▸ WHAT TO WORK ON:
Could you copy the data that follows exactly as written, but drop the pictures?

▸ MATERIAL PROVIDED:
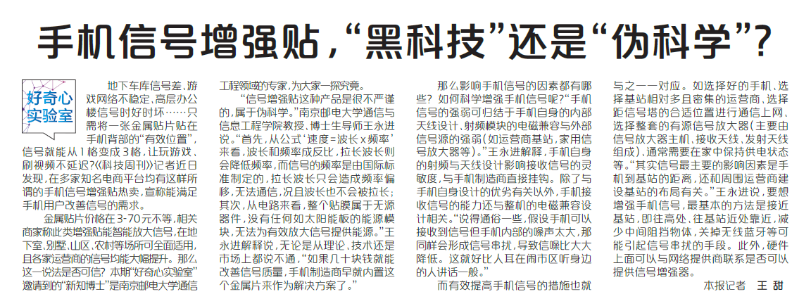 【新華日報(bào)】手機(jī)信號(hào)增強(qiáng)貼,“黑科技”還是“偽科學(xué)”
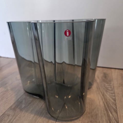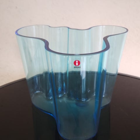 Aalto-maljakko 160 mm, vihertävä, pohjassa signeeraus. Pohjassa siirtelyn jälkiä, ilmakupla lasimassassa. Nouto Kuopiosta keskustasta.
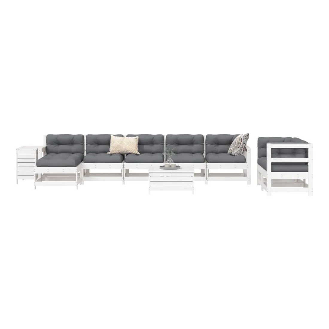vidaXLCet ensemble de salon de jardin en bois avec un design à lattes sera un excellent complément à votre jardin, patio ou terrasse pour profiter d'un moment agréable avec votre famille ou vos amis. Matériau robuste et durable : le bois de pin massif est connu pour sa résistance et sa durabilité. Ses grains droits et ses nœuds distinctifs contribuent à son charme rustique. Bien ventilé et prévention de l'accumulation d'eau : la conception à lattes favorise une circulation optimale de l'air et empêche efficacement l'accumulation d'eau, assurant ainsi une assise sèche et confortable. Utilisation polyvalente : le repose-pied de jardin peut non seulement être utilisé pour s'asseoir ou se détendre, mais il peut également être utilisé comme table basse pour contenir vos boissons, votre nourriture et d'autres décorations. Table pratique : la table de jardin vous offre un endroit pratique pour atteindre facilement vos essentiels. Conception modulaire : cet ensemble de meubles d'extérieur a une conception modulaire, ce qui le rend complètement flexible et facile à déplacer, afin que vous puissiez créer un agencement de meubles d'extérieur personnalisé. Bon à savoir :Pour que vos meubles d'extérieur restent beaux, nous vous recommandons de les protéger avec une housse imperméable.
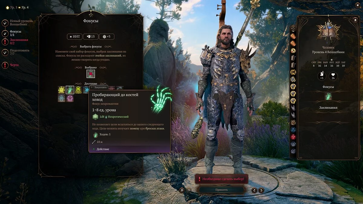Опять появляется возможность выбрать любой фокус, но на данном этапе они не особо нужны. Советуем «Пробирающий до костей холод». Он бывает очень полезен, когда попадает и на несколько ходов лишает врага возможности восстанавливать здоровье.
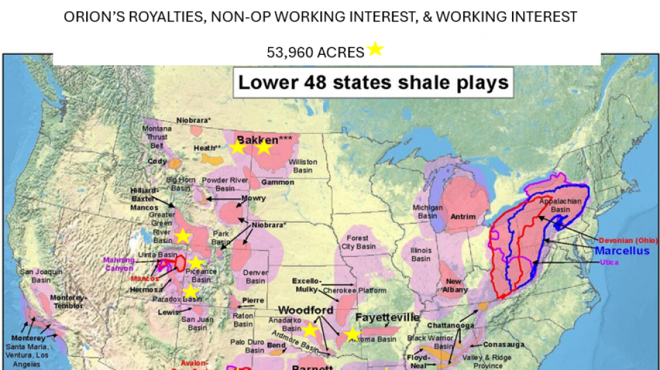 "This is our first entry into the Mississippi oil and gas fields. This property was drilled in 1977 and hit peak production of 10,000 bopd in 2011. The Mississippi property has produced 60,156,572 barrels and 5.9 bcf of gas since 1977. The Texas acquisition is in Matagorda County and there are active leases surrounding this 640 acre royalty acquisition. " Commented Tom Lull, CEO of Orion. On September 9, 2025 the US government is leasing 7,895 acres in Rio Blanco County Colorado, and Orion has 5,372 gross acres and 668 net mineral acres adjacent to these federal land tracts. Orion also has 9,280 acres or 14.5 square miles of royalties in the southeast corner of Pecos County Texas near the Terrell County Texas border. XTO drilled five vertical wells in 1963 on this Pecos county acreage to a depth of 23,000 feet and one well produced in excess of 60 bcf of natural gas. All five wells were plugged in 2021 and Orion purchased this 9,280 acre tract of land in Pecos County Texas in 2022. Orion has been notified that several oil companies have taken active leases in this area of Pecos County Texas for horizontal development. Orion now owns 53,960 mineral acres in the Bakken, Permian Basin, Piceance Basin, Arkoma Basin, Eagle Ford, Haynesville Shale, and Scoop Stack of Oklahoma."

▸ EXPECTED ANSWER:
 【新華日報(bào)】手機(jī)信號(hào)增強(qiáng)貼,“黑科技”還是“偽科學(xué)”
 Aalto-maljakko 160 mm, vihertävä, pohjassa signeeraus. Pohjassa siirtelyn jälkiä, ilmakupla lasimassassa. Nouto Kuopiosta keskustasta.
vidaXLCet ensemble de salon de jardin en bois avec un design à lattes sera un excellent complément à votre jardin, patio ou terrasse pour profiter d'un moment agréable avec votre famille ou vos amis. Matériau robuste et durable : le bois de pin massif est connu pour sa résistance et sa durabilité. Ses grains droits et ses nœuds distinctifs contribuent à son charme rustique. Bien ventilé et prévention de l'accumulation d'eau : la conception à lattes favorise une circulation optimale de l'air et empêche efficacement l'accumulation d'eau, assurant ainsi une assise sèche et confortable. Utilisation polyvalente : le repose-pied de jardin peut non seulement être utilisé pour s'asseoir ou se détendre, mais il peut également être utilisé comme table basse pour contenir vos boissons, votre nourriture et d'autres décorations. Table pratique : la table de jardin vous offre un endroit pratique pour atteindre facilement vos essentiels. Conception modulaire : cet ensemble de meubles d'extérieur a une conception modulaire, ce qui le rend complètement flexible et facile à déplacer, afin que vous puissiez créer un agencement de meubles d'extérieur personnalisé. Bon à savoir :Pour que vos meubles d'extérieur restent beaux, nous vous recommandons de les protéger avec une housse imperméable.
Опять появляется возможность выбрать любой фокус, но на данном этапе они не особо нужны. Советуем «Пробирающий до костей холод». Он бывает очень полезен, когда попадает и на несколько ходов лишает врага возможности восстанавливать здоровье.
 "This is our first entry into the Mississippi oil and gas fields. This property was drilled in 1977 and hit peak production of 10,000 bopd in 2011. The Mississippi property has produced 60,156,572 barrels and 5.9 bcf of gas since 1977. The Texas acquisition is in Matagorda County and there are active leases surrounding this 640 acre royalty acquisition. " Commented Tom Lull, CEO of Orion. On September 9, 2025 the US government is leasing 7,895 acres in Rio Blanco County Colorado, and Orion has 5,372 gross acres and 668 net mineral acres adjacent to these federal land tracts. Orion also has 9,280 acres or 14.5 square miles of royalties in the southeast corner of Pecos County Texas near the Terrell County Texas border. XTO drilled five vertical wells in 1963 on this Pecos county acreage to a depth of 23,000 feet and one well produced in excess of 60 bcf of natural gas. All five wells were plugged in 2021 and Orion purchased this 9,280 acre tract of land in Pecos County Texas in 2022. Orion has been notified that several oil companies have taken active leases in this area of Pecos County Texas for horizontal development. Orion now owns 53,960 mineral acres in the Bakken, Permian Basin, Piceance Basin, Arkoma Basin, Eagle Ford, Haynesville Shale, and Scoop Stack of Oklahoma."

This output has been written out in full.